Parallel Knowledge Transfer in Multi-Agent Reinforcement Learning

Yongyuan Liang,Bangwei Li
DOI: https://doi.org/10.48550/arXiv.2003.13085
2020-03-30
Abstract:Multi-agent reinforcement learning is a standard framework for modeling multi-agent interactions applied in real-world scenarios. Inspired by experience sharing in human groups, learning knowledge parallel reusing between agents can potentially promote team learning performance, especially in multi-task environments. When all agents interact with the environment and learn simultaneously, how each independent agent selectively learns from other agents' behavior knowledge is a problem that we need to solve. This paper proposes a novel knowledge transfer framework in MARL, PAT (Parallel Attentional Transfer). We design two acting modes in PAT, student mode and self-learning mode. Each agent in our approach trains a decentralized student actor-critic to determine its acting mode at each time step. When agents are unfamiliar with the environment, the shared attention mechanism in student mode effectively selects learning knowledge from other agents to decide agents' actions. PAT outperforms state-of-the-art empirical evaluation results against the prior advising approaches. Our approach not only significantly improves team learning rate and global performance, but also is flexible and transferable to be applied in various multi-agent systems.
Artificial Intelligence,Machine Learning,Multiagent Systems
What problem does this paper attempt to address?
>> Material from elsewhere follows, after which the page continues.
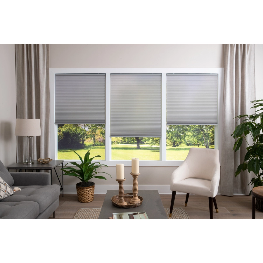 The allen + roth Light Filtering Recycled Polyester Cellular Shades are eco-friendly, supporting a cleaner environment and addressing the ever growing effects of discarded plastics. The recycled fabric blocks outside light and provides extra insulation as well from outside temperatures. The shades feature a crisp white backing for a clean, attractive exterior appearance. Take full control of privacy and the darkness inside your home. The cordless design is also an ideal choice to ensure safety for children and pets. Add beauty, functionality, and elegant style to your windows all while contributing to environmental sustainability.

This paper attempts to solve the problem of how to optimize knowledge transfer among agents in multi - agent reinforcement learning (MARL), especially in cooperative multi - agent systems in joint - task or multi - task environments under local constraints. Specifically, the paper focuses on how each independent agent selectively learns from the behavioral knowledge of other agents when all agents interact with the environment and learn simultaneously. This involves three main aspects: 1. **Knowledge Transfer Decision**: Determine when knowledge needs to be acquired from other agents. 2. **Knowledge Selection**: Select the most appropriate source of knowledge from multiple possible teacher agents. 3. **Knowledge Utilization**: Effectively use the selected knowledge to guide one's own behavior. To solve these problems, the paper proposes a new knowledge transfer framework - PAT (Parallel Attentional Transfer). PAT enables student agents to dynamically extract useful knowledge from the experiences of other agents by introducing an attention mechanism. The specific implementation methods include: - **Two Action Modes**: PAT designs two action modes - student mode and self - learning mode. In the student mode, an agent will decide its action according to the suggestions of other agents; in the self - learning mode, an agent will decide its action based on the behavioral knowledge it has independently learned. - **Attention Mechanism**: In the student mode, PAT uses the attention mechanism as a teacher selector to select the most appropriate teacher according to the familiarity of the teacher agent with the current state and the effectiveness of the current strategy. This helps the student agent obtain the optimal suggestions from the most reliable teacher. - **Flexible Role Switching**: In the PAT framework, the role of an agent is not fixed. An agent can be both a student and a teacher, which means it can learn from other agents and at the same time can share its own experience with other agents. In this way, PAT not only improves the overall learning efficiency and performance of the team, but also has high flexibility and scalability and is suitable for various multi - agent systems. Experimental results show that PAT performs better than existing methods in multiple - task and joint - task scenarios, especially when the number of agents increases, PAT can still maintain good performance.